Treena Orchard, an anthropology professor at Western University, is skeptical about dating apps in general.

The author of “Sticky, Sexy, Sad: Swipe Culture and the Darker Side of Dating Apps” says dating app companies seem to be using AI to try to solve a problem that dating apps created — so-called swipe fatigue.

“It seems to be a sign that the basic structure of the dating app system and design isn’t working all that well,” she says. “Because why would we need AI if it was already working? So that gives us a clue to the unwillingness in some regards of dating app designers to do more of an overhaul of their design.”

She says the industry is trying to take advantage of “the desire for love” and human connection. While the sheer number of available options on dating apps seems like a feature, she says it can actually make it harder to find a partner — by design, she argues, since the apps rely on users coming back.
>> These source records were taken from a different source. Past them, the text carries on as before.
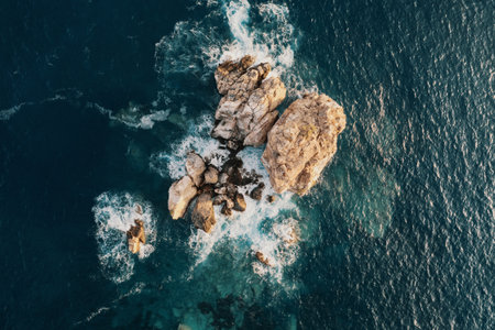 Stunning Aerial Perspective: Captivating Textured Cliffs and Tranquil Turquoise Sea - AR 3:2
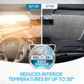 By blocking harmful UV rays, the sunshade helps preserve the condition of your dashboard, steering wheel, and interior upholstery. It prevents sun damage, fading, and cracking, extending the lifespan of your car's interior components.
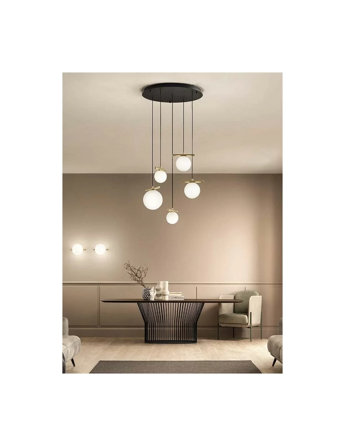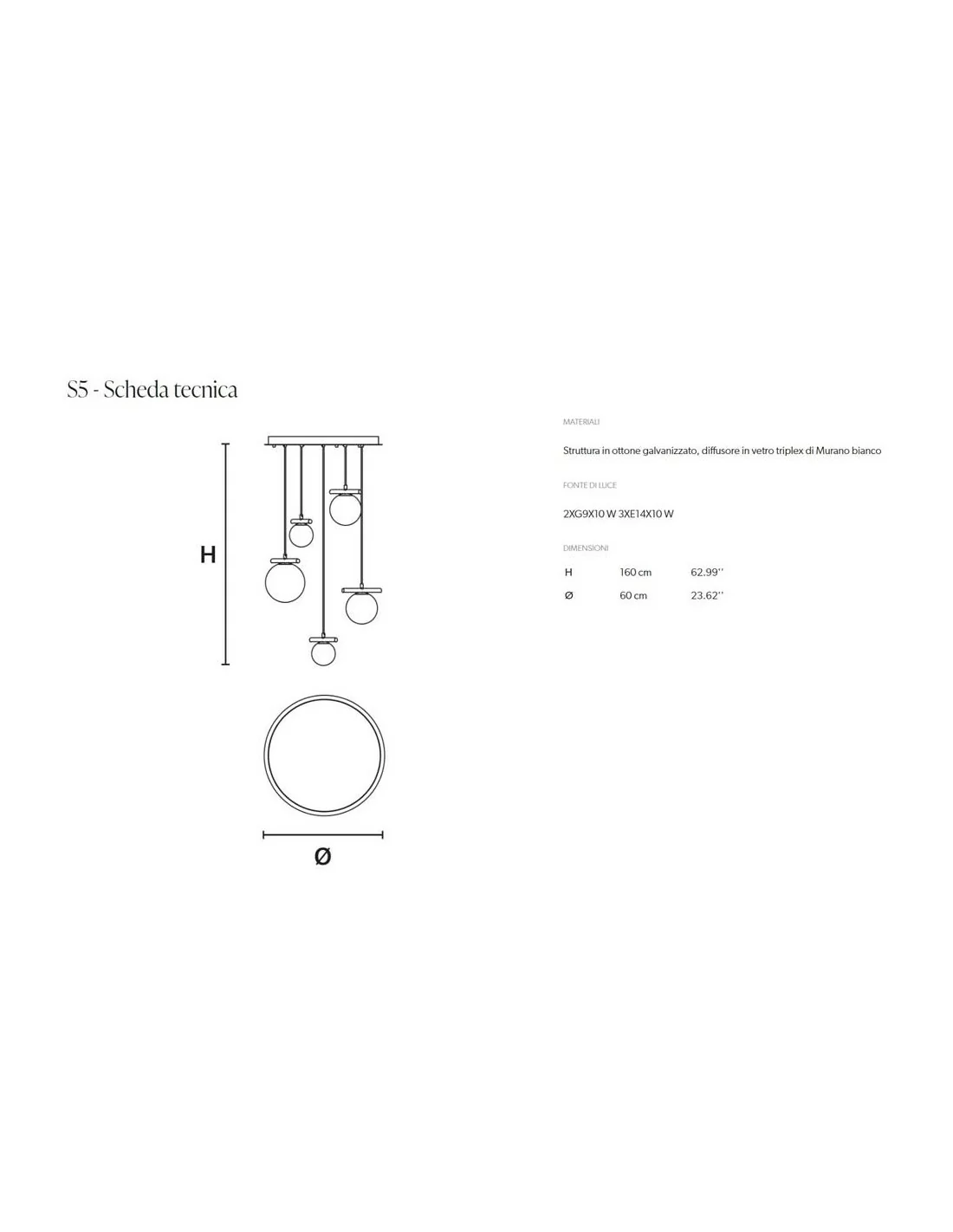 Le cinque sfere (in vetro triplex di Murano) che lo compongono diffondono una luce calda e avvolgente, creando un'atmosfera romantica e accogliente, che avvolge chiunque lo ammiri.
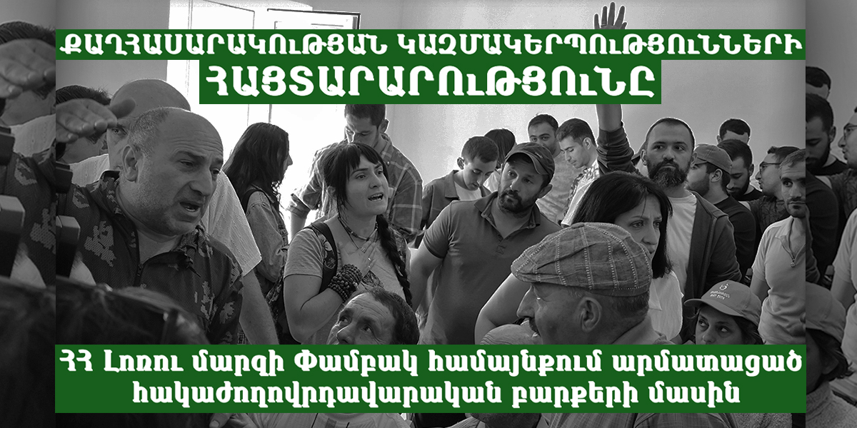 «Մենք, ներքոստորագյալ հասարակական կազմակերպություններս, խորը մտահոգությամբ արձանագրում ենք, որ ՀՀ Լոռու մարզի Փամբակ համայնքում տեղական ինքնակառավարման գործընթացում արմատավորվել են ավտորիտար կառավարման բարքեր, որոնք արտահայտվում են համայնքի բնակիչների և քաղաքացիների ազատ խոսքի ճնշման, սոցիալ-էկոլոգիական իրավունքների շարունակական խախտման դրսևորումներով։ Այս ամենը ուղեկցվում է Փամբակ համայնքում այնպիսի մթնոլորտի ձևավորմամբ, որոնք հիմնավոր կասկած են հարուցում կոռուպցիոն ռիսկերի առաջացման մասին։
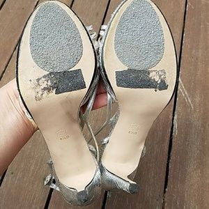 Bright shiny silver with a snakeskin look. Worn a couple times for formal indoor events. Very pretty and sexy. Adjustable strap. 4" heel with a 1/4" platform. Very good used condition just a couple of spots that have a little mark/stain on them. See pics 6,7. Feel free to ask questions! Make an offer. $35
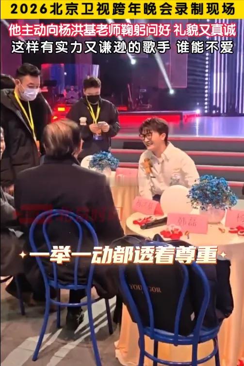 周深的礼貌与教养深入人心。北京卫视跨年晚会录制时,他主动向杨洪基老师鞠躬问好,还蹲下交谈。这般有实力又真诚的歌手,怎能让人不爱?
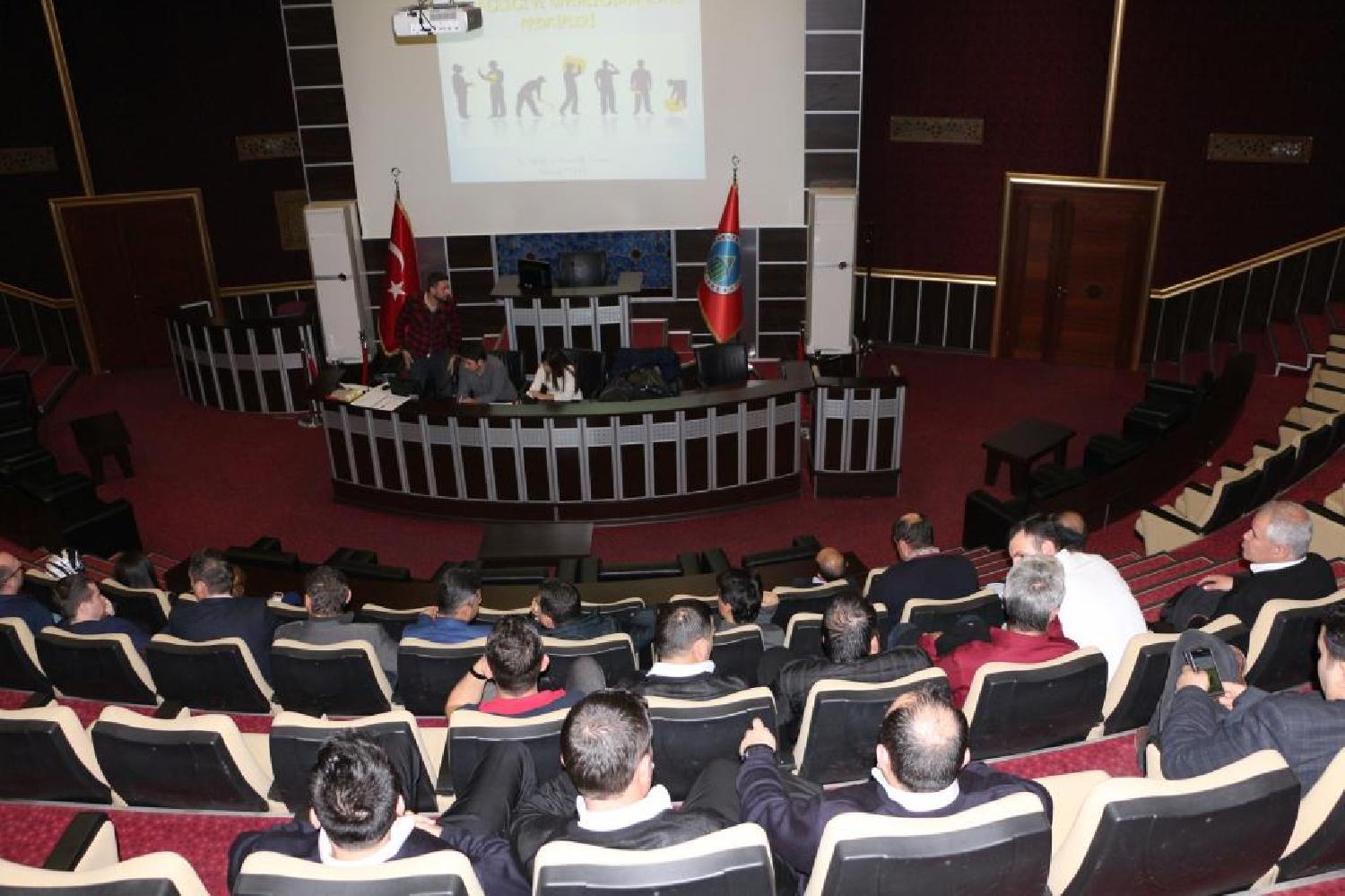 Karatay Belediyesi işçi personeline Belediye Hizmet Binası Meclis Salonu’nda İş Sağlığı Güvenliği Uzmanı Mehmet Eyigül tarafından İş Sağlığı ve Güvenliği konulu eğitim semineri verildi.
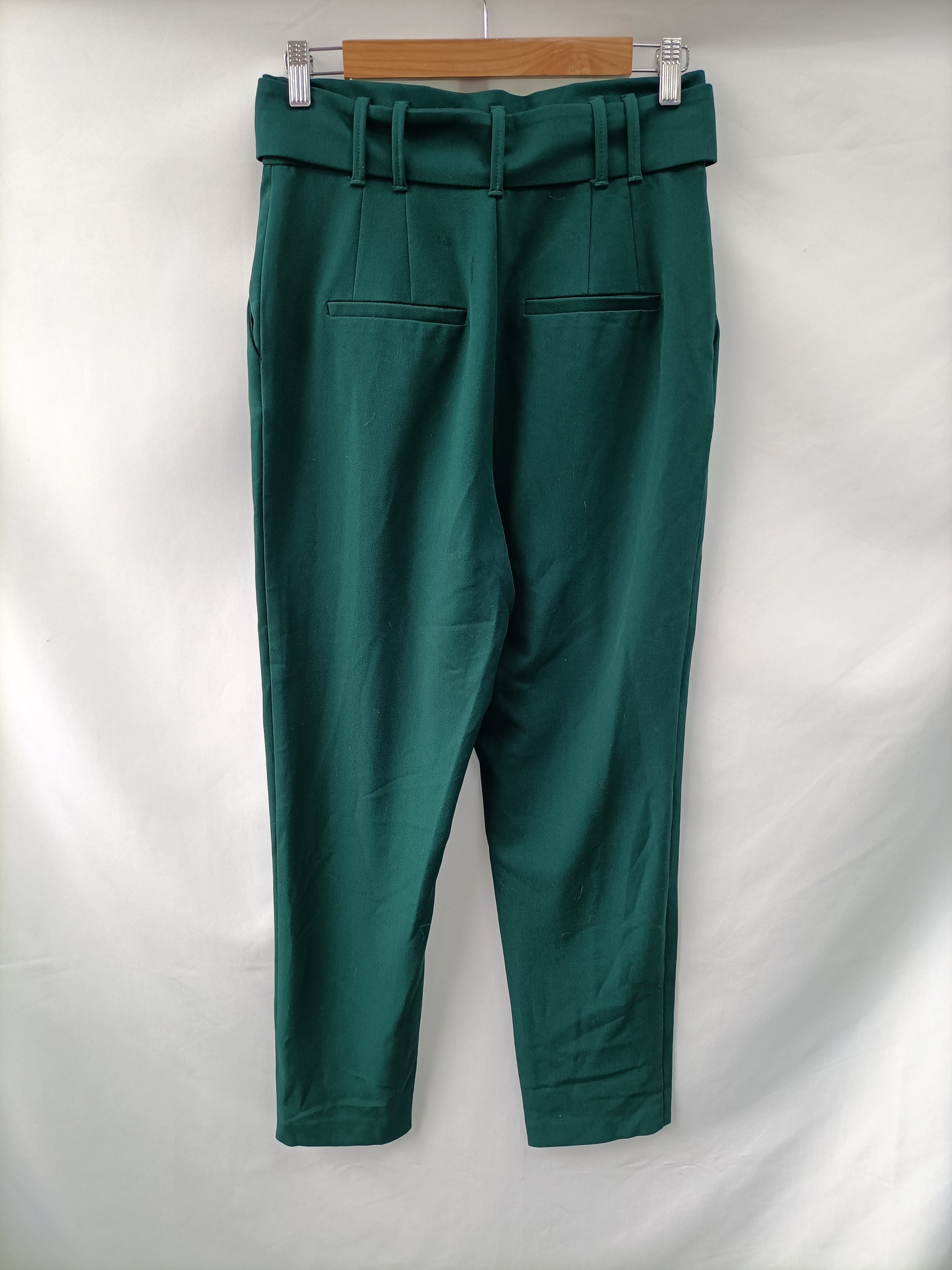 Pantalones verdes de vestir con cinturón incorporado, son alto de cintura y no elásticos . Cintura 36 cm

Orchard says designers and users alike seem to be treating AI as an easy fix, when what they need is a rethink.

“It’s part of the way that we are seduced by technology,” she says. “Technology is consistently represented as efficient, as fast, as altruistic. Oh, it’ll do the work for you. There’s an app for that. There’s very little critical reflection on, what does this mean for the project of being human when we outsource all of this stuff?”

As for Kokal, the proliferation of AI has changed her habits. She’s now drawn to traits that might have previously been a turnoff, like a strange writing style.

“They put everything in lowercase, the punctuation is weird. And I’m like, oh, I actually respect that. Your writing is unique and different, even though it’s not grammatically correct.”